## DESCRIPTION OF THE TASK
Set down every entry exactly as given. Pictures are to be left out.

## Items from a dataset
--------

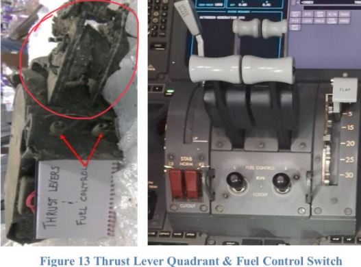 2. İtki kolu kadranı önemli termal hasara maruz kalmıştı. Her iki itki kolu da arka (rölanti) konumuna yakın bulundu. Ancak EAFR verileri, itki kollarının çarpışma anına kadar ileri (kalkış itkisi) konumda kaldığını gösterdi. Her iki yakıt kontrol anahtarı da “AÇIK” konumundaydı. (şekil 13) Motor İtki kolları bükülmüş ancak “kapalı” konumdaydı.
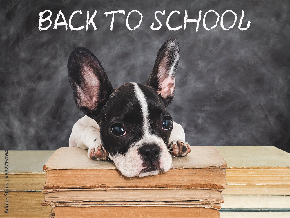 Back to school. Cute puppy and blackboard with inscription. Close-up, isolated background. Studio shot, day light. Concept of care, education, obedience training and raising of pet
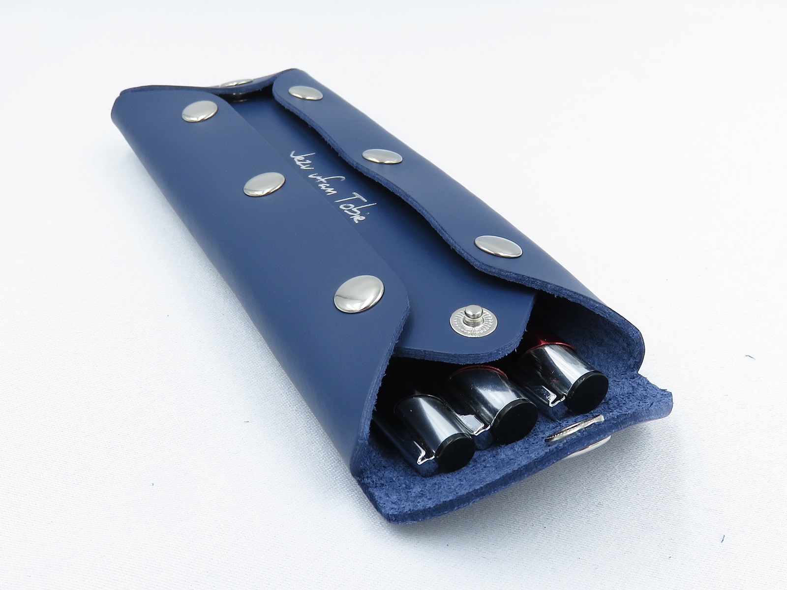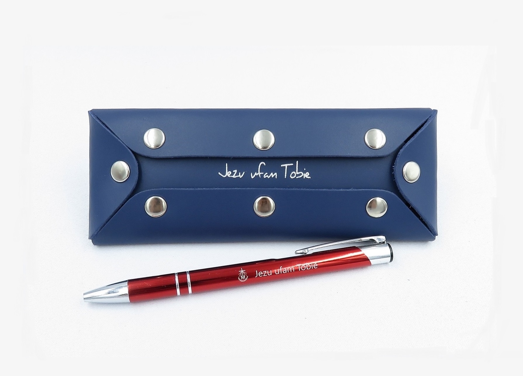 Granatowe, skórzane etui na długopisy z napisem „Jezu ufam Tobie”, zapinane na metalowe zatrzaski .
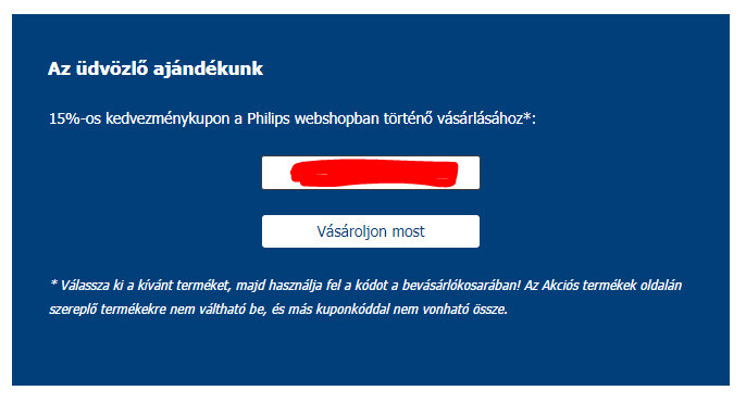Philips 15% kuponkód amit a philips webáruházban tudsz bevàltani. Egy pozitív èrtèkelèst kèrek cserèbe semmi többet.
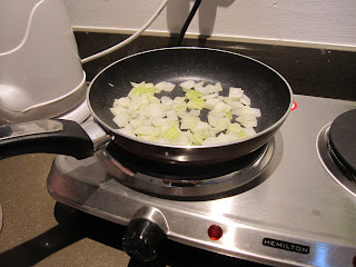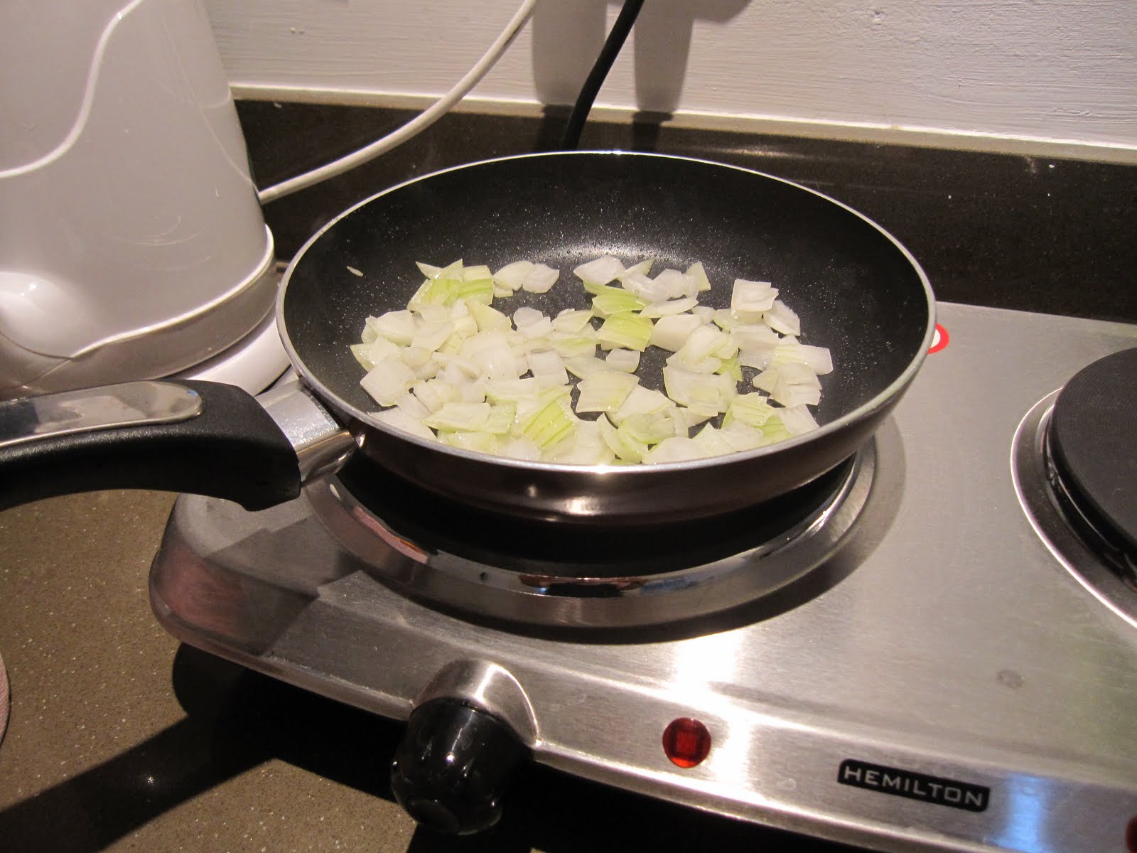 מאדים את הבצל עם ממש ממש מעט שמן.
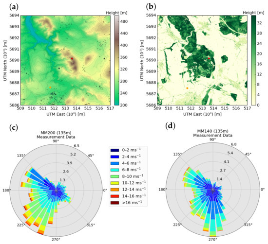 Terrain height (a) and forest heights (b) of the Rödeser Berg site close to Kassel in central Germany. The red dot marks the position of the met mast at the hill top (MM200), the orange dot the second met mast (MM140). (c,d) show the respective wind roses during the measurement period. (Terrain and forest height data source (ALS data): Hessische Verwaltung für Bodenmanagement und Geoinformation).

--------

## SOLUTION TO THIS EXERCISE
 2. İtki kolu kadranı önemli termal hasara maruz kalmıştı. Her iki itki kolu da arka (rölanti) konumuna yakın bulundu. Ancak EAFR verileri, itki kollarının çarpışma anına kadar ileri (kalkış itkisi) konumda kaldığını gösterdi. Her iki yakıt kontrol anahtarı da “AÇIK” konumundaydı. (şekil 13) Motor İtki kolları bükülmüş ancak “kapalı” konumdaydı.
 Back to school. Cute puppy and blackboard with inscription. Close-up, isolated background. Studio shot, day light. Concept of care, education, obedience training and raising of pet
 Granatowe, skórzane etui na długopisy z napisem „Jezu ufam Tobie”, zapinane na metalowe zatrzaski .
Philips 15% kuponkód amit a philips webáruházban tudsz bevàltani. Egy pozitív èrtèkelèst kèrek cserèbe semmi többet.
 מאדים את הבצל עם ממש ממש מעט שמן.
 Terrain height (a) and forest heights (b) of the Rödeser Berg site close to Kassel in central Germany. The red dot marks the position of the met mast at the hill top (MM200), the orange dot the second met mast (MM140). (c,d) show the respective wind roses during the measurement period. (Terrain and forest height data source (ALS data): Hessische Verwaltung für Bodenmanagement und Geoinformation).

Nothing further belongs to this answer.